Pertandinganpun dimulai. Seiring Pak Toib yang begitu serius mengikuti bola yang terus bergulir, Pak Dulah semakin tenggelam dalam mimpi. Kerja seharian benar- benar membuat badannya lelah sehingga tidurnya terasa begitu nyenyak.
Hingga suatu saat…
“Waaah, bunuh diri..!” Pak Toib berteriak keras sekali diiringi suara sorak sorai di televisi. Pak Dulah langsung bangun.
“Sinten? Sinten bunuh diri, Mas?” teriak Pak Dulah kaget.

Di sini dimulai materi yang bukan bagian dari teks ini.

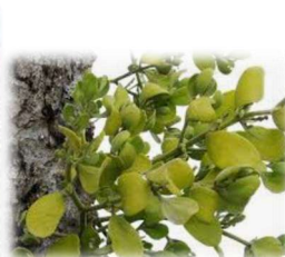
Mistletoe Phoradendron leucarpum

“Kesebelasan kulo bunuh diri..,” kata Pak Toib lemas. Wajahnya tampak begitu sedih. Rupanya kesebelasan kesayangan Pak Toib memasukkan bola ke gawangnya sendiri.
Pak Dulah terperangah. Jadi ini tadi urusan bola toh? pikirnya. Rasa kaget, jengkel sekaligus lucu campur aduk dalam hatinya.
Tiba-tiba terdengar pintu rumah diketuk.
“Pak Dulah? Mboten nopo-nopo?” tanya seseorang. Walah, Pak RT.
Rupanya ada tetangga yang lapor pada Pak RT karena mendengar terialan Pak Toib tadi.
“Aman Pak RT, mboten nopo-nopo,” jawab Pak Dulah sambil membukakan pintu lalu menutupnya lagi sepeninggal Pak RT.
Sepuluh menit kemudian Pak Toib pun berpamitan. Kedudukan tetap. Tim kesayangannya kalah. Padahal mereka bermain bagus dan bisa mempertahankan kedudukan imbang hampir di sepanjang 45 menit babak kedua.
Dengan wajah kuyu Pak Toib meninggalkan rumah Pak Dulah yang tak lama kemudian menjadi gelap karena lampunya dimatikan.
Begitulah romantika sepak bola yang sampai sekarang masih saya ingat. Lebih dari sekadar olahraga, bola telah menjadi perekat yang hangat bagi keluarga kami—menghadirkan tawa, diskusi seru, bahkan drama kecil yang lucu untuk dikenang.
Dari anak-anak yang bersemangat mencari ilmu demi menjadi pemain hebat, hingga Pak Toib yang dengan polosnya membuat satu kampung terjaga karena “gol bunuh diri” tim kesayangannya. Ya, meski saya sendiri tidak begitu paham tentang bola, tapi semua itu adalah bagian dari kenangan manis yang tak tergantikan.